Over-Represented GO Terms associated with the Four Promoter Types
Comparing the embryonic SCs with the controls, no biological themes are observed for the GO terms over-represented in the CpG-rich APs. In three out of the four embryonic SCs, the two GO terms, the ribonucleoside and the uridine metabolic processes, are over-represented (Table 13). Comparing the SCs with the control sets some biological themes are over-represented in the CpG-poor APs and surprisingly three of the GO terms (the positive regulation of B-cell proliferation, the non-apoptotic programmed cell death and the negative regulation of cyclin-dependent protein kinase activity) are common to all the adult neural SCs. Comparing the embryonic SCs with the controls, the GO terms including the mitotic sister chromatid segregation, the M-phase of mitotic cell cycle, the mitotic cell cycle and mitosis are over-represented in the CpG-rich SPs. Themes such as the electron transport and the immune response are over-represented in the CpG-poor SPs (Table 13). Associations of GO terms with promoter types were carried out previously . A fair extent of agreement exists between the types of GO terms established previously  and those identified here. For example, both investigations identify the GO term immune response with the CpG-poor SPs. The differences observed could be due to differences in methods, eg Baek et al (2007) masked genes occurring higher in the list for given promoter types and the predominant use of up-regulated genes in SCs (in this study) compared with their whole genome study.
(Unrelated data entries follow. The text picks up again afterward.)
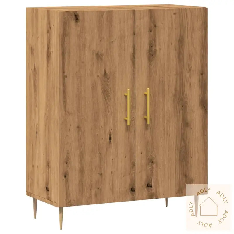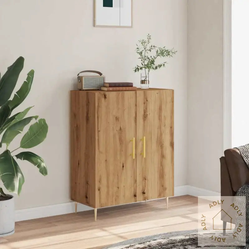 Slitesterkt materiale: Dette skapet er laget av høykvalitets konstruert tre med en silkemyk overflate. Det tåler hverdagsbruk, holder seg stabilt, og er motstandsdyktig mot fukt, noe som gjør det enkelt å vedlikeholde – bare tørk over med en fuktig klut for å holde det pent.Rikelig lagringsplass: Med god plass inni hjelper denne skjenken deg å holde styr på alt fra servise til bøker eller andre ting du bruker ofte. Skapet sørger for at hjemmet føles ryddig og oversiktlig, samtidig som du har det du trenger lett tilgjengelig.Visningsmuligheter: Skjenkens topp er perfekt for dekorasjoner, favorittbilder, noe grønt eller småpersonlige detaljer. Det gir deg muligheten til å sette ditt personlige preg på rommet.Stilrene metallføtter: De solide føttene i metall understreker skjenkens rene uttrykk, gir et moderne preg til interiøret og sørger for at møbelet står stødig.Advarsel: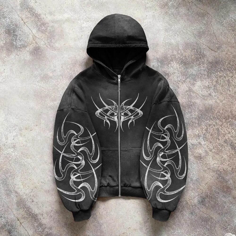 女性のためのウォッシュド不透明な骨格プリントフード付きジャケット、特大のパーカー、アメリカのヴィンテージジッパーカーディガン、y2kストリートウェアウェア服 パーカー ジャージ y2k T240908201352_06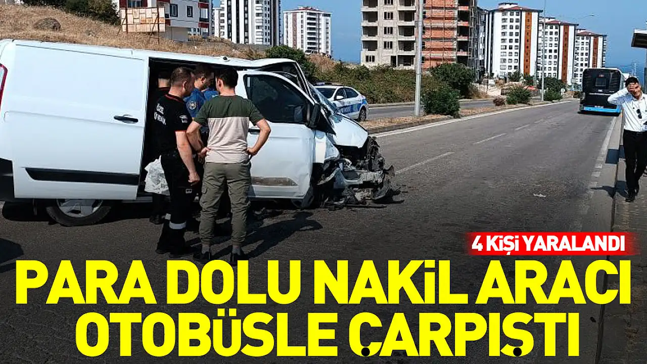 Samsun'da içi 33 poşet banknot dolu olan para nakil aracı, yolcu otobüsü ile çarpıştı. Kazada toplam 4 kişi yaralanırken, nakil aracındaki paralar da başka araçla olay yerinden taşındı.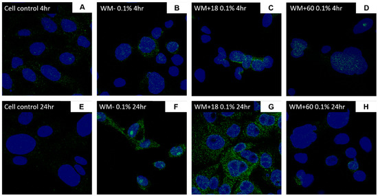 ACE2 protein expression of BEAS-2B cells following electronic cigarette aerosol (WM) exposure: BEAS-2B cells were exposed to a concentration (0.1%) of electronic cigarette condensate generated from watermelon e-liquid (WM) ± nicotine for 4 or 24 h. Protein expression of ACE2 was assessed through immunofluorescence staining for 4 h (B–D) and 24 h (F–H) treatments in comparison with cell controls (A,E). Images at 40×.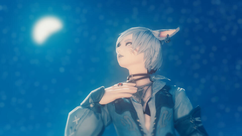 Standing at five fulms, four ilms, X'shasi is on the taller side for a Seeker. Perhaps her most striking feature is her eyes, which are a brilliant blue similar to the shade of aetheryte crystal—or indeed the selfsame color as the Mothercrystal, to those who have been in the presence. Her hair is a light silver-grey color, though the tips of her ears and tail are white. She bears the usual clan markings, ruddy in color against her pale skin. On her left cheek there is a straight, clean scar.Her build is lithe and trim, like much of her race, though the broadness of her shoulders and back and the definition of her arms betrays uncommon upper-body strength. She seems to prefer knee-high boots and thick, thigh-high stockings. Her garb favors mobility over durability—even in armor it’s lighter than one might expect.She usually carries one of two blades—a light, filigreed foil with red enamel detailing around the basket and a matching arcane focus that betrays a facility with red magic, or else an undecorated slab of steel with a leather-wrapped handle worn smooth with use above the sturdy crossguard. It’s almost as long as she is tall, and demands the use of both hands, so she bears no shield.Shasi is heavily laden with jewelry, and its appearance seldom changes. She wears a pair of earrings with rounded amethyst cabochons, and molded to the curve of the violet stones are gryphons of silver bearing blades of turquoise—the heraldic charge of Ala Mhigo. Her right ear is pierced a second time, and she wears a silver hoop with a pendant blue crystal—the same color as her eyes. On her right index finger, she wears a silver signet ring set with an onyx stone. It is graven with the device of a unicorn, and the stone seems a bit overlarge for her hands, as though she had to size the band down. On the ring finger of that same hand is a band of heavy gold, hammered to fit around an opaque shard of what looks like milky violet glass.Her posture is one of readiness, ears perked and alert. She has a confident, graceful stride, and her expression is patient and thoughtful. It takes a careful examination to note the tiredness in her eyes.
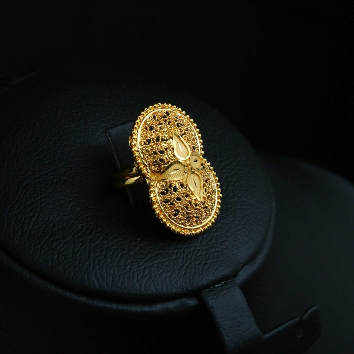 A fabulous and trendy attire deserves attractive matching accessories. Pair our premium Exclusive Textured Gold Plated Peanut Ring with your favorite outfit and make your look classy and graceful. This ring is a perfect choice for those searching for contemporary rings that add a touch of sophistication. Made from pure quality materials, this ring ensures you look rich and gorgeous with a simple touch.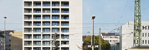 Das sanierte Wohnhochhaus ist nun ein markanter Blickfang direkt am  Pforzheimer Hauptbahnhof. Aus dem Kontrast zwischen der hellen  Betonfassade und den Einschnitten, die mit dunklen Faserzementtafeln  gestaltet sind, ergibt sich der besondere Effekt des monolithischen  Baukörpers. Foto: Dietmar Strauß, Besigheim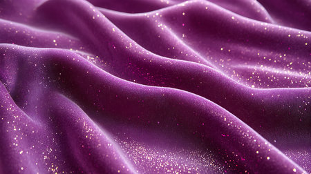 Generative AI Image of Luxurious Purple Silky Fabric Cloth Texture Wave Pattern with Glitter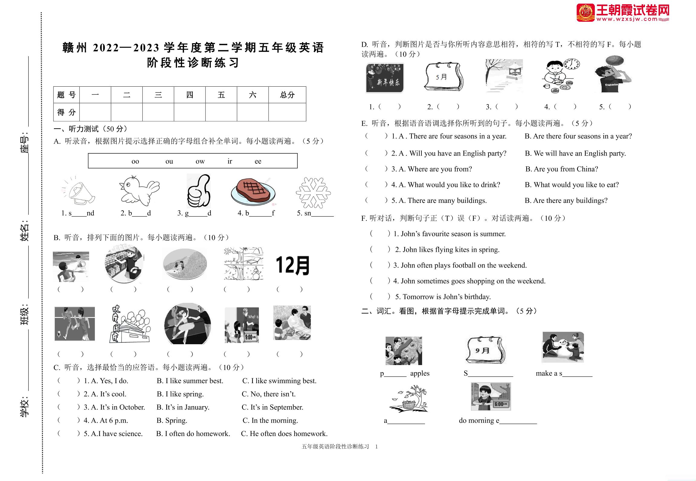 江西省赣州市2022-2023学年度第二学期期中阶段性诊断练习五年级英语(人教PEP版)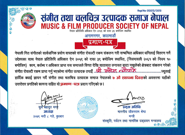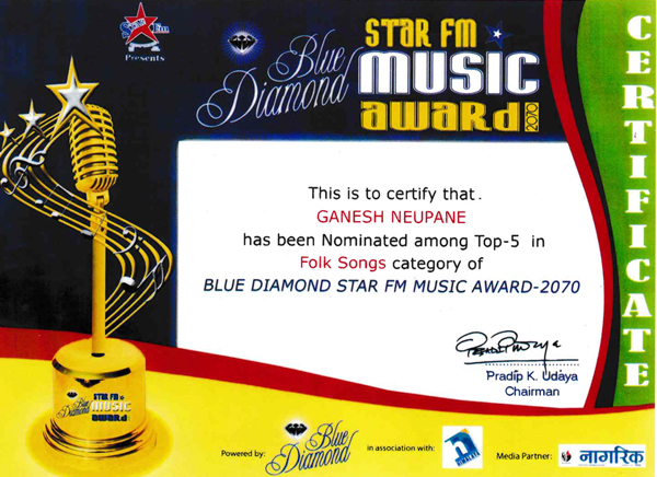 National Musical Image Award Nomination Certificate 2070

This present work provides new insights regarding the roles of non-coding regions of over-expressed genes in SCs; specifically, of genomic regions in and around gene promoters. We focused our analysis particularly on CpG-islands and on genes that have APs. This is the first large scale survey of CpG-richness and AP usage for up-regulated SC genes. We looked at five independent microarray investigations of mouse SCs. These comprise 25 data sets, over 25,000 genes and over 75,000 promoters. It presents a broad proof of concept that new observations can be obtained from the meta-analysis of published gene lists generated from microarray gene expression experiments. We show that mining of published gene lists obtained from the microarray gene expression can be used to probe underlying patterns of gene regulation. The study uses large volumes of experimental data, and analyses it in ways that have not been previously considered; that is, looking for information in non-coding regions of genes, where previously only the coding regions have been considered , . Thus providing new research directions in analyzing microarray gene expression data. However, these data are complex, and there are many challenges in re-analysing the results of these types of experiments at scale. Some of the challenges arise because of variations in how the original experiments were conceived and carried out: that is platform-to-platform , lab-to-lab ,  and, of course, species-to-species variability. Other challenges include the lack of standards (e.g. gene naming) for data formats, which make data handling problematic and time-consuming; and critically, important data is sometimes ambiguous or missing from database submissions and supplementary information. This means that authors sometimes need to be contacted to clarify certain issues with regards to the gene lists. In the present work, the impact of platform-to-platform variability was minimized, because much of the data included in the analysis was performed on the mgu74av2 chip (Tables 1, 2). We eliminated species-to-species effects by carrying out the entire analysis on mouse SCs. Problems with gene naming were resolved by using the probe identifiers and entrez gene identifiers as the starting point for the analyses, rather than the gene names.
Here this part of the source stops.